Wednesday, February 29, 2012

On Artificial Wisdom: For U of T's Cognitive Séance 45

It’s rather unfortunate that I couldn’t be there for the Mind Matters conference, and that I’m missing this wonderfully-themed Cognitive Séance as well. Even so, I’ll contribute by adding a few thoughts. I started typing this stuff out as a wall post, but my words have once again outgrown their container, so I’ve moved them to my blog. Well, here’s what I have:
A couple of useful approximations of wisdom that I’ve found useful are “problem solving ability in the absence of expertise”, and “meta-expertise”. Neither is perfect, but both are instructive. The first can be understood as being “execution-level”, while the second is “development-level”. The performance-competence distinction comes to mind.
Goals and problems are relevant to discussions of wisdom. Problem detection and goal selection are flip-sides of the same coin. The first indicates an external disruption of homeostasis, while the second suggests an internal redefinition of the same. The agitation or dissonance that this state of affairs produces is what moves the agent to act.
Action can be external or internal. External action, as Searle might say, attempts to fit the world to the agent’s preferences, while internal action attempts to fit the agent’s preferences to the world. So long as the world-mind difference is reduced sufficiently, the “problem” will have been solved satisfactorily.
To witness wisdom in action typically requires an unfamiliar state of affairs. One kind of foolishness is to mistake the unfamiliar-yet-irrelevant as a problem. If the unfamiliar scenario is genuinely unacceptable, though, a wiser agent (understood in some manner that is independent of this problem) will be more likely to find a solution than a less wise agent (assuming that neither have domain expertise).
Since expertise is out of the picture, wise agents appear to rely on heuristics. If two agents have identical repertoires of heuristics, the one that selects a subset for use in a more context-sensitive fashion is more likely to reach a solution. Having a larger repertoire of heuristics, I would imagine, might initially provide an advantage, but would eventually lead to inefficient heuristic selection.

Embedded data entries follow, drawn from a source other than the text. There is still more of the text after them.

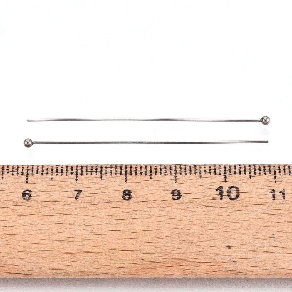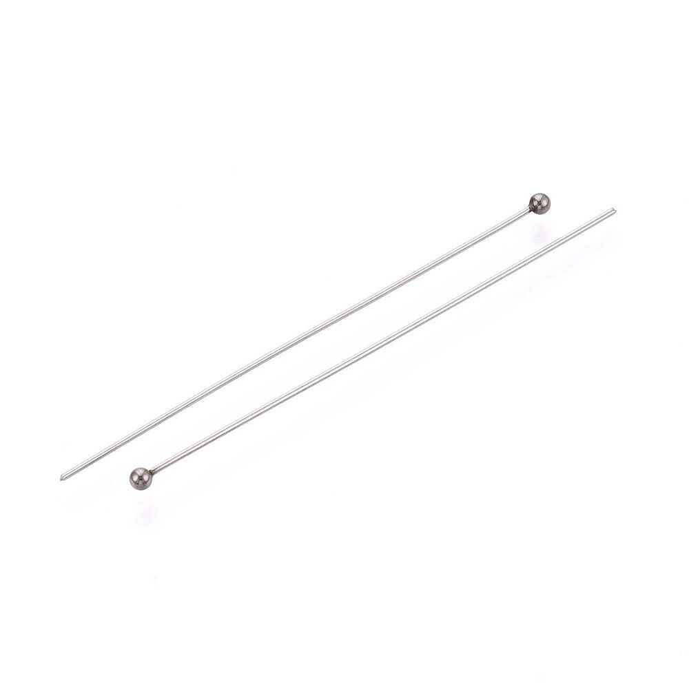 Silver Head Pins: Ball Head 1.8mm Length 70mm - Brass Base 21 gauge 50 Pieces
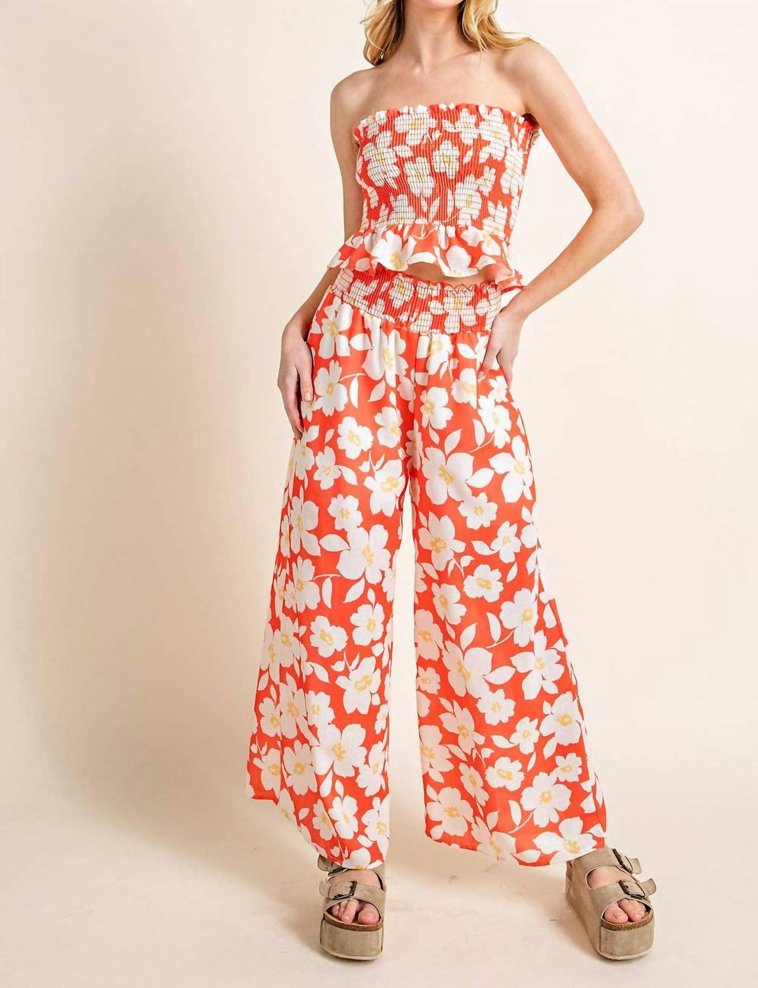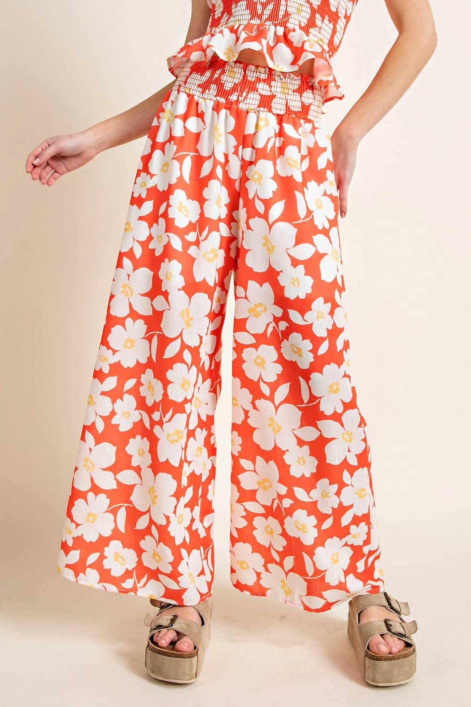 Embrace bold florals with the Smocked Band Palazzo Pants from 143 STORY, crafted for standout style in vibrant orange. These wide-leg pants feature a pull-on closure and a maximalist trend, making them perfect for summer. Designed for women, they have a stylish palazzo silhouette without pockets. Ideal for those who love making a statement, these pants require no specific wash or dry instructions.
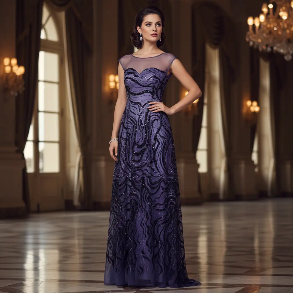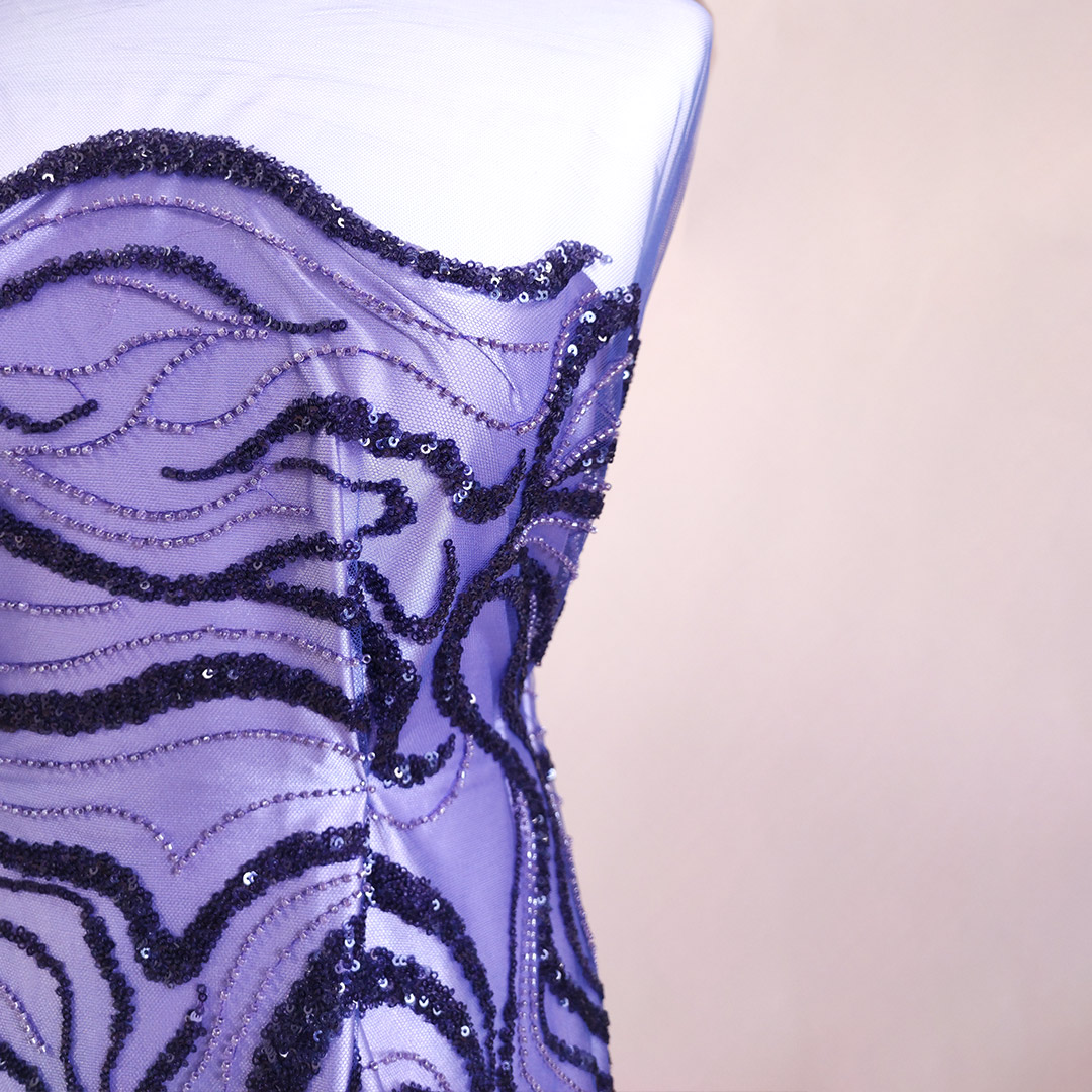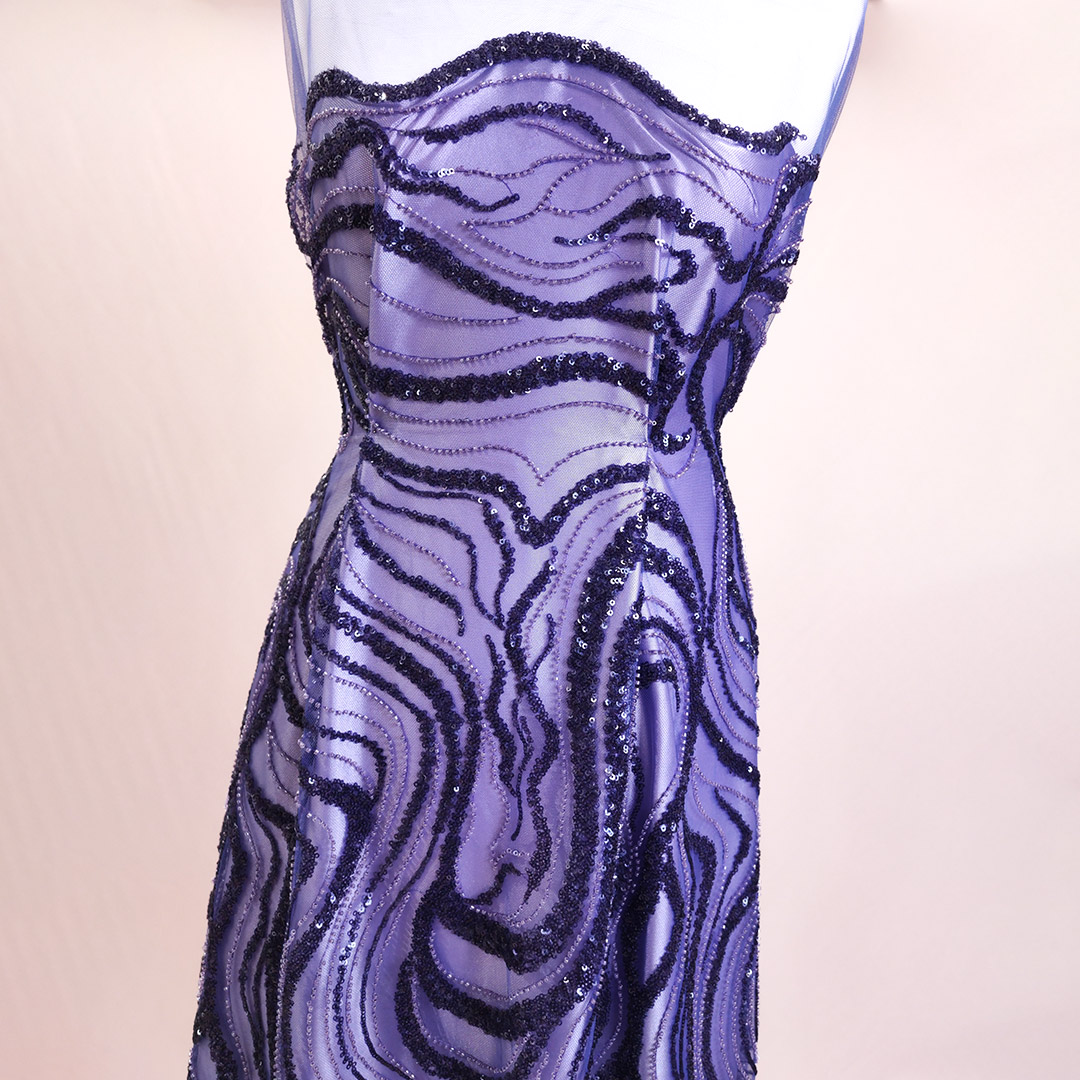 Tessuto tulle-pizzo ricamato con paillettes motivo astratto viola

These execution-level thoughts about wisdom apply “at runtime”, so to speak. On the other hand, wisdom also involves development-level components. To continue the analogy, they are “compile-time” factors. This is where wisdom as meta-expertise enters the discussion. For example, the heuristics an agent learns over time affects how well it can solve an unfamiliar problem. This means that some deviation from homeostasis encouraged the agent to revise its repertoire of heuristics. It (partially) solved its “sub-optimal heuristics” problem, and if it practises this skill enough, it might gain expertise in heuristics optimization. Similarly, acquiring expertise various specific domains might lead to “expertise” in expertise acquisition. The reason I’ve used scare-quotes is that “domain-general expertise” is an oxymoron, though I’m not sure whether “expert generalizer” is.
Now I’ll turn to Artificial Wisdom (AW). Some artificial expert systems that exist today have been spoon-fed their abilities, while others have become experts through practise. It’s this second type of artificial systems that are more likely to act as the forerunners to AW. One important tool that helps humans acquire expertise is generalizing across different instances of the same kind of problem. “The star-shaped peg fits in the star-shaped hole” and other blindly-discovered solutions to similar problems can lead an intelligent agent to heuristics like “look for a hole that’s the same shape as this peg”.
Notice how I’ve performed a bit of recursion above. Generalizing across instances of the “acquire expertise” problem, I’ve picked out the “generalize over problem instances” heuristic. Continuing this recursive trend might prove fruitful to AW research.
Wise agents probably excel in identifying accidental successes and developing them into reliable algorithms and heuristics, kind of how Jeff Hawkins describes the neuroscience of rehearsal in On Intelligence. Other essential mechanisms for developing AW include ways to evaluate similarity and relevance.
I hope all of you have a great Séance!